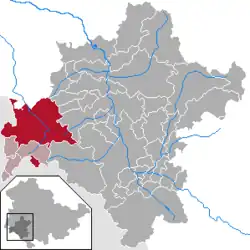 Kaltennordheim (German: [ˌkaltn̩ˈnɔʁthaɪm] ⓘ) is a town in the Schmalkalden-Meiningen district, in Thuringia, Germany. It is situated in the Rhön Mountains, 22 km southwest of Bad Salzungen, and 35 km east of Fulda. The former municipalities Aschenhausen, Kaltensundheim, Kaltenwestheim, Melpers, Oberkatz und Unterweid were merged into Kaltennordheim in January 2019. At the same time, Kaltennordheim passed from the Wartburgkreis to Schmalkalden-Meiningen.
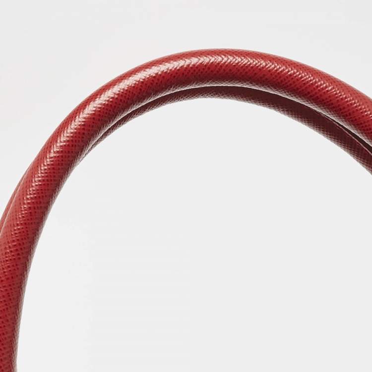 Turn heads with this statement-making Prada Red Saffiano Lux Leather Medium Tote – a bold blend of elegance and functionality. Crafted in Italy from Prada’s signature crosshatch-textured Saffiano leather, this piece features double zip compartments, gold-tone hardware, and a structured silhouette that’s perfect for daily wear or elevated evenings.
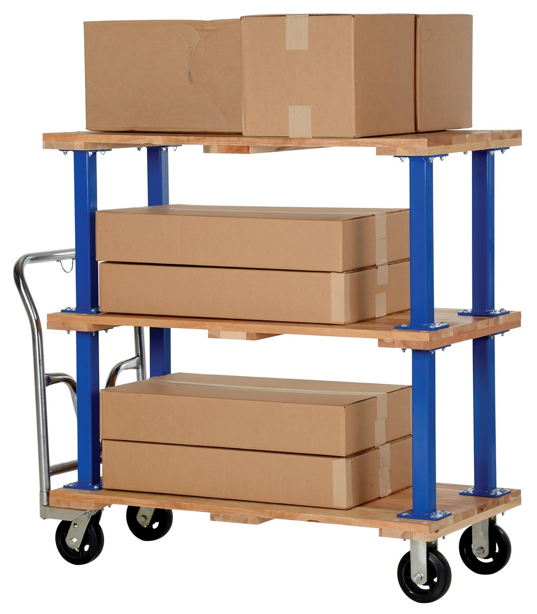 Minimize lifting and bending with this triple decker Hardwood platform cart/portable work bench. Ideal for shipping areas, offices, and plant use, this economical cart is perfect for many of your applications. Countersunk holes allow for a smooth deck surface.
****************
### WORK REQUIRED
Pictures aside, repeat every line of the data above exactly.

### PROBLEM SOLUTION
 Kaltennordheim (German: [ˌkaltn̩ˈnɔʁthaɪm] ⓘ) is a town in the Schmalkalden-Meiningen district, in Thuringia, Germany. It is situated in the Rhön Mountains, 22 km southwest of Bad Salzungen, and 35 km east of Fulda. The former municipalities Aschenhausen, Kaltensundheim, Kaltenwestheim, Melpers, Oberkatz und Unterweid were merged into Kaltennordheim in January 2019. At the same time, Kaltennordheim passed from the Wartburgkreis to Schmalkalden-Meiningen.
 Turn heads with this statement-making Prada Red Saffiano Lux Leather Medium Tote – a bold blend of elegance and functionality. Crafted in Italy from Prada’s signature crosshatch-textured Saffiano leather, this piece features double zip compartments, gold-tone hardware, and a structured silhouette that’s perfect for daily wear or elevated evenings.
 Minimize lifting and bending with this triple decker Hardwood platform cart/portable work bench. Ideal for shipping areas, offices, and plant use, this economical cart is perfect for many of your applications. Countersunk holes allow for a smooth deck surface.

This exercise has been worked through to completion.